- [WHAT IS NEEDED] Without the images, write out the entries word for word.

- [GIVEN DATA]
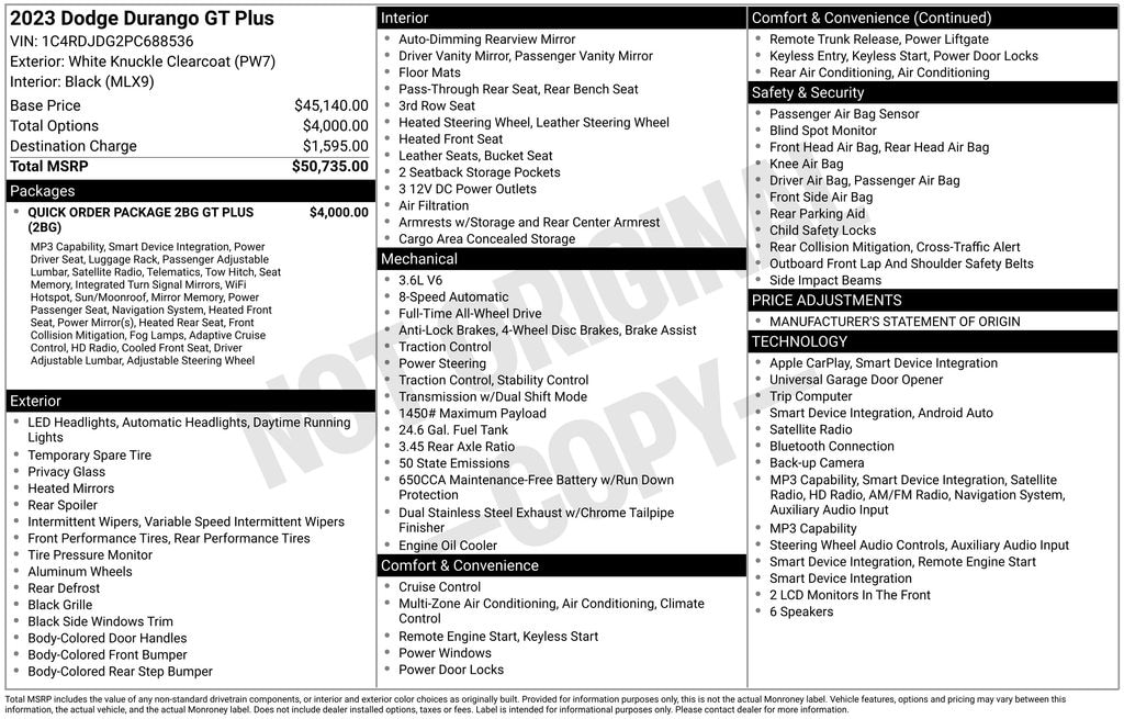 White Knuckle Clearcoat 2023 Dodge Durango GT Plus AWD 8-Speed Automatic 3.6L V6 24V VVT
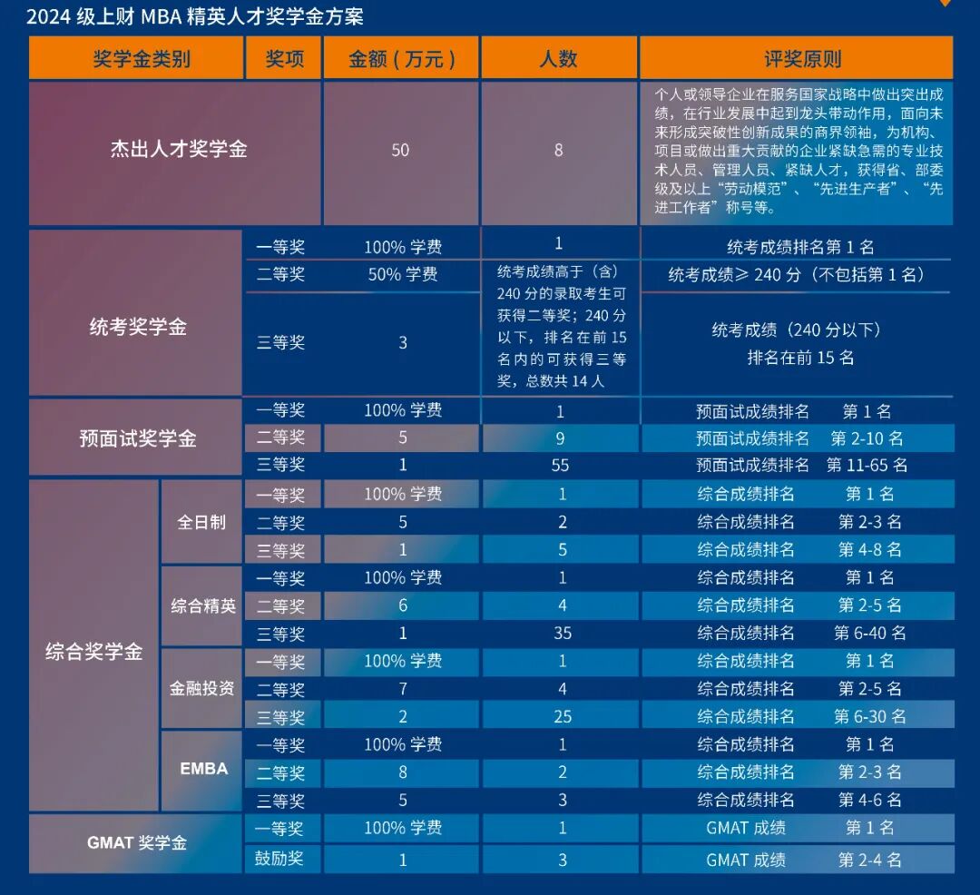 經(jīng)上海財(cái)經(jīng)大學(xué)商學(xué)院招生委員會(huì)審核通過,《2024級(jí)MBA/EMBA新生精英人才獎(jiǎng)學(xué)金方案》已經(jīng)正式公布!
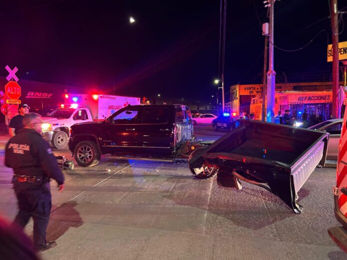 Meoqui.- Un aparatoso choque contra el tren en Meoqui, dejo está noche de viernes y madrugada del sábado, daños materiales de consideración en al menos dos vehículos, entre ellos una pick up que según testigos, intentó ganarle el paso al ferrocarril, sin embargo fue embestida por la máquina, impactando a otro auto tras ser proyectada.
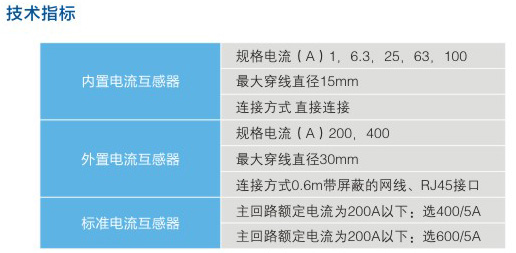 本產品可根據現場需要及電流范圍來選擇電流互感器,共有內罝電流互感器、外罝電流互感及標準電流互感器三種。
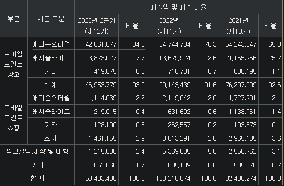 모바일포인트광고(93%), 모바일포인트쇼핑(3%), 광고대행(3%)
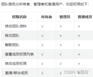 2、项目权限 为了满足团队的多层次管理需求,每个成员可以按项目设置管理员、普通成员、只读成员、禁止访问的角色,对应权限如下:
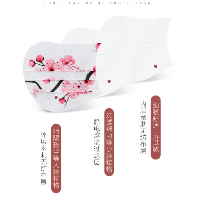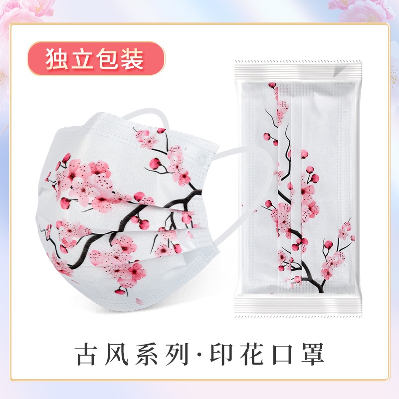 Chinese Style Creative Mask Blossoming series Three-layer melt blown protection Breathable Cute Disposable Masks
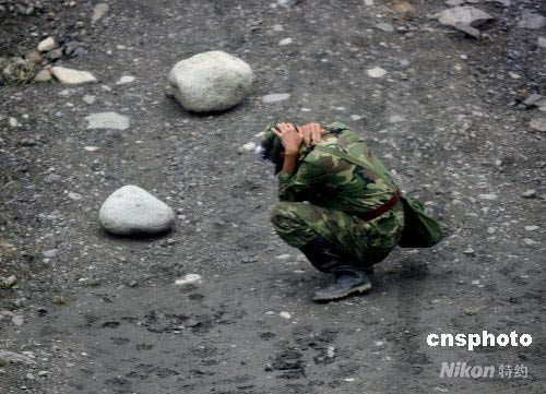 汶川大地震发生十五天以来余震不断,一位抢险的士兵突遇滑坡,果断蹲地减少人体面积,同时用双手牢牢保护头部,终于化险为夷。中新社发 贾国荣 摄
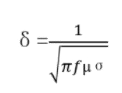 它表示的是電流密度作為頻率f、磁導(dǎo)率µ和電導(dǎo)率σ的函數(shù)在空間的衰弱。
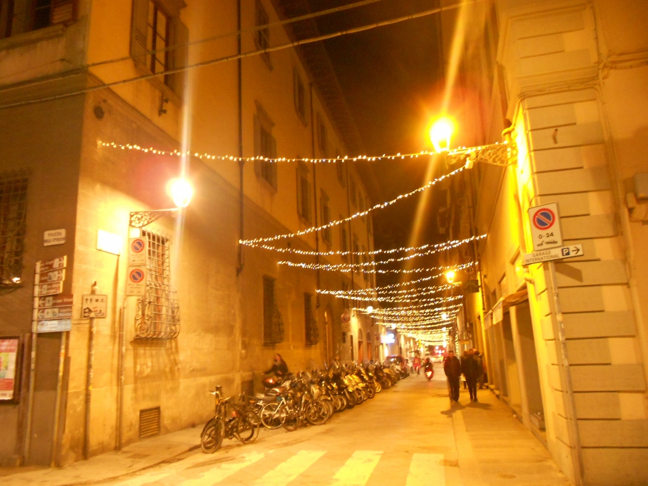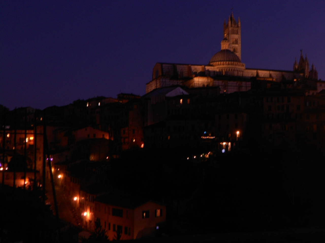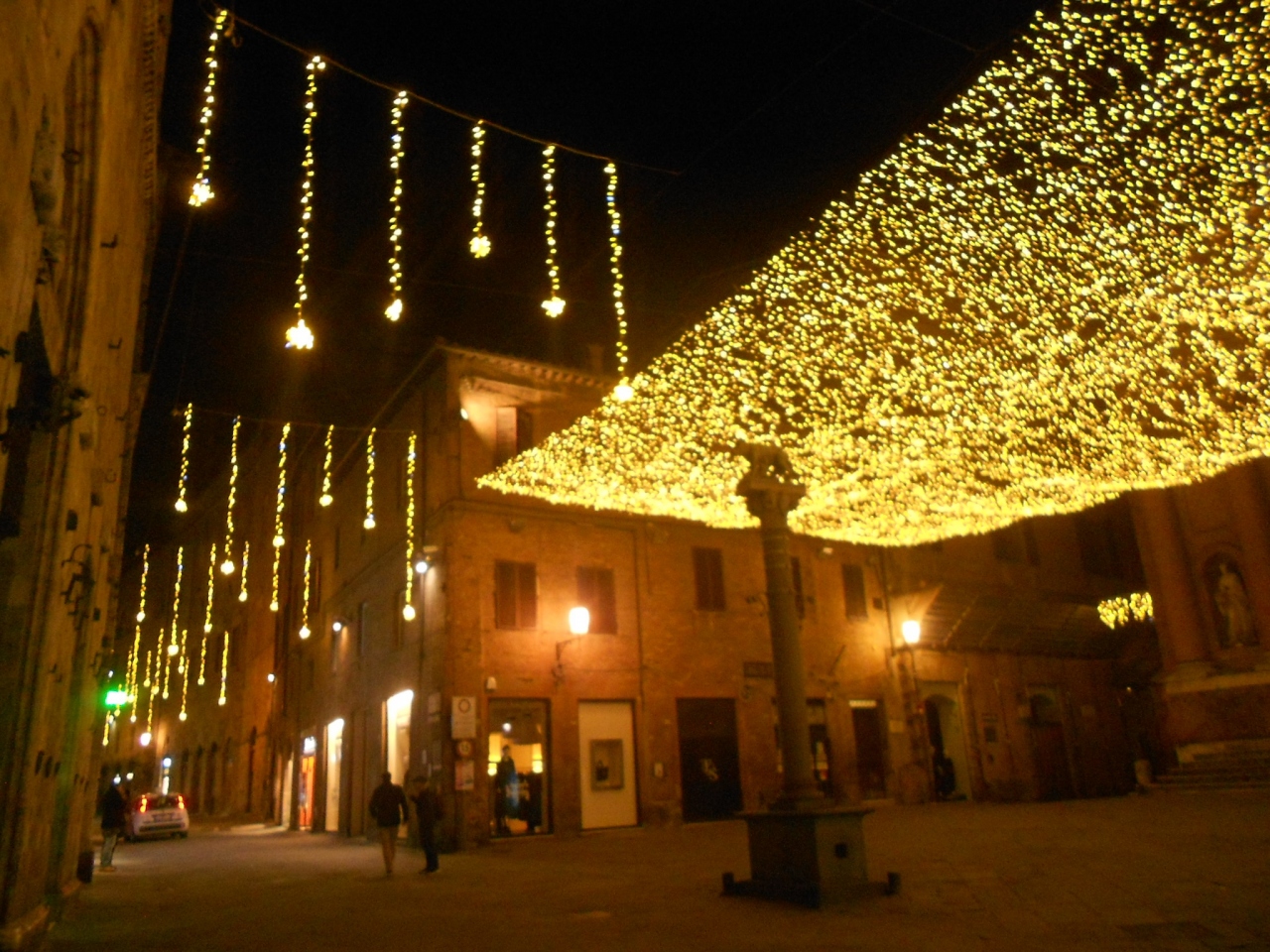 華やかなメインストリートとは異なり、シエナで暮らす人々の生活の場という感じの、穏やかで静かな小道です。両側には石造りの古い建物が立ち並んでいます。真夜中のこの小道は人通りも無く、柔らかなオレンジ色のイルミネーションの光に包まれ、まるで中世にタイムスリップしたかのようでした。
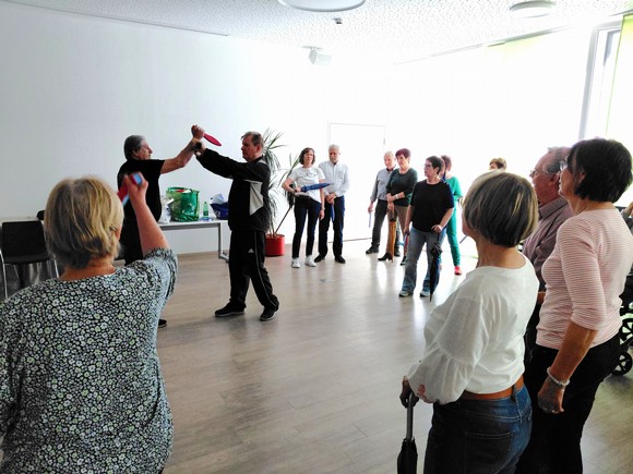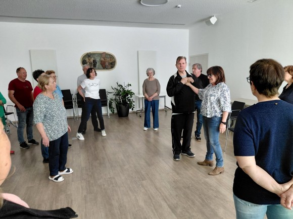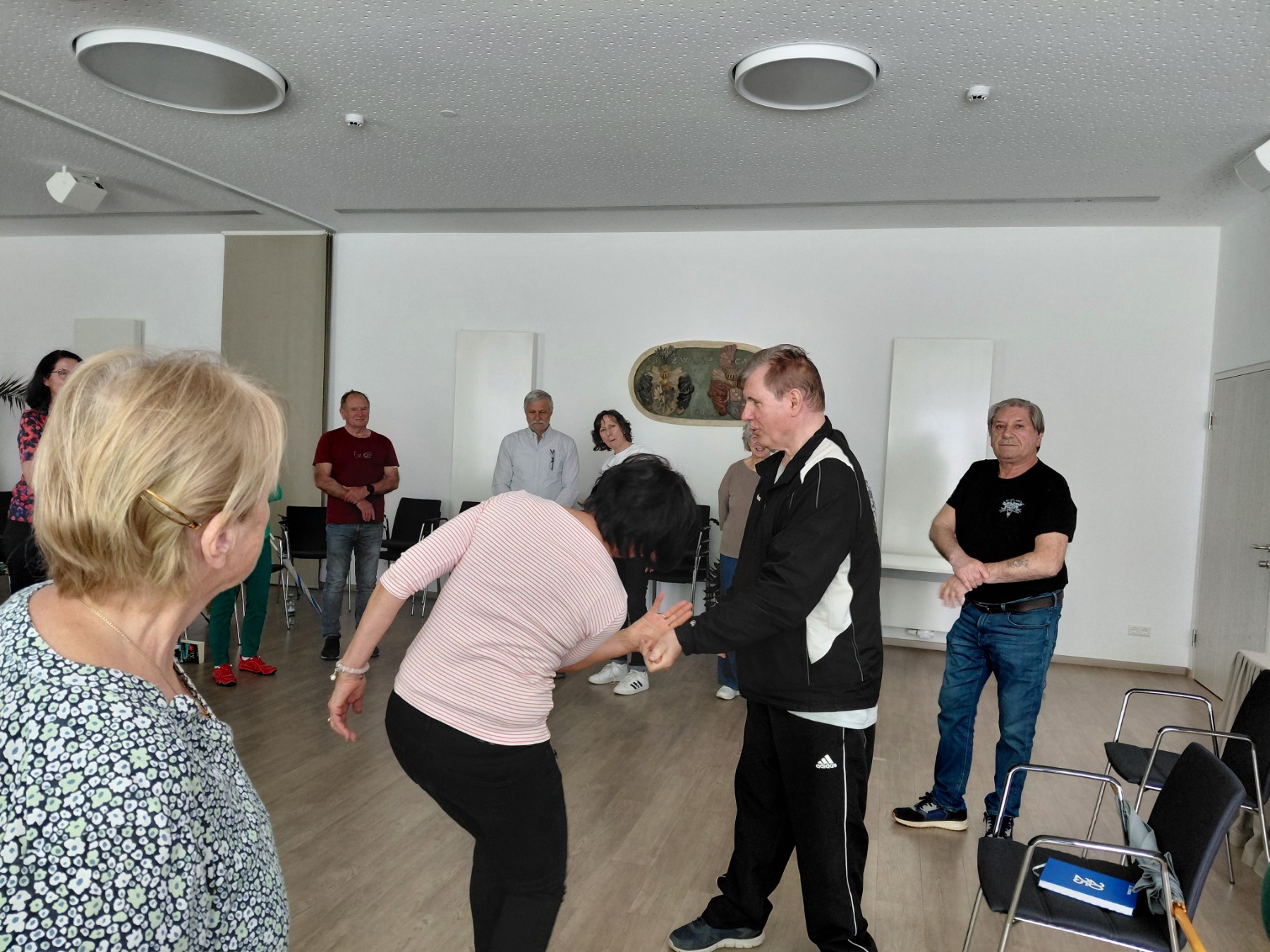 stärkste Männer in die Bodenlage zwingt. Abwehren gegen Körperangriffe und Würgeattacken sowie Schläge wurden ebenso eifrig geübt. Ein Schwergewicht waren jedoch aus aktuellen Anlässen die Messerabwehren – mit bloßen Händen und vor allem mit Alltagsgegenständen wie Schirm, Buch, Zeitung, bis hin zur Wasserflasche. Trotz des ernsten Themas kamen Spaß und Unterhaltung nicht zu kurz, zeigte sich Norbert Pelzl auch als guter Entertainer, was die 4 Stunden rasch vergehen hat lassen.

- [YOUR RESPONSE]
 White Knuckle Clearcoat 2023 Dodge Durango GT Plus AWD 8-Speed Automatic 3.6L V6 24V VVT
 經(jīng)上海財(cái)經(jīng)大學(xué)商學(xué)院招生委員會(huì)審核通過,《2024級(jí)MBA/EMBA新生精英人才獎(jiǎng)學(xué)金方案》已經(jīng)正式公布!
 Meoqui.- Un aparatoso choque contra el tren en Meoqui, dejo está noche de viernes y madrugada del sábado, daños materiales de consideración en al menos dos vehículos, entre ellos una pick up que según testigos, intentó ganarle el paso al ferrocarril, sin embargo fue embestida por la máquina, impactando a otro auto tras ser proyectada.
 本產品可根據現場需要及電流范圍來選擇電流互感器,共有內罝電流互感器、外罝電流互感及標準電流互感器三種。
 모바일포인트광고(93%), 모바일포인트쇼핑(3%), 광고대행(3%)
 2、项目权限 为了满足团队的多层次管理需求,每个成员可以按项目设置管理员、普通成员、只读成员、禁止访问的角色,对应权限如下:
 Chinese Style Creative Mask Blossoming series Three-layer melt blown protection Breathable Cute Disposable Masks
 汶川大地震发生十五天以来余震不断,一位抢险的士兵突遇滑坡,果断蹲地减少人体面积,同时用双手牢牢保护头部,终于化险为夷。中新社发 贾国荣 摄
 它表示的是電流密度作為頻率f、磁導(dǎo)率µ和電導(dǎo)率σ的函數(shù)在空間的衰弱。
 華やかなメインストリートとは異なり、シエナで暮らす人々の生活の場という感じの、穏やかで静かな小道です。両側には石造りの古い建物が立ち並んでいます。真夜中のこの小道は人通りも無く、柔らかなオレンジ色のイルミネーションの光に包まれ、まるで中世にタイムスリップしたかのようでした。
 stärkste Männer in die Bodenlage zwingt. Abwehren gegen Körperangriffe und Würgeattacken sowie Schläge wurden ebenso eifrig geübt. Ein Schwergewicht waren jedoch aus aktuellen Anlässen die Messerabwehren – mit bloßen Händen und vor allem mit Alltagsgegenständen wie Schirm, Buch, Zeitung, bis hin zur Wasserflasche. Trotz des ernsten Themas kamen Spaß und Unterhaltung nicht zu kurz, zeigte sich Norbert Pelzl auch als guter Entertainer, was die 4 Stunden rasch vergehen hat lassen.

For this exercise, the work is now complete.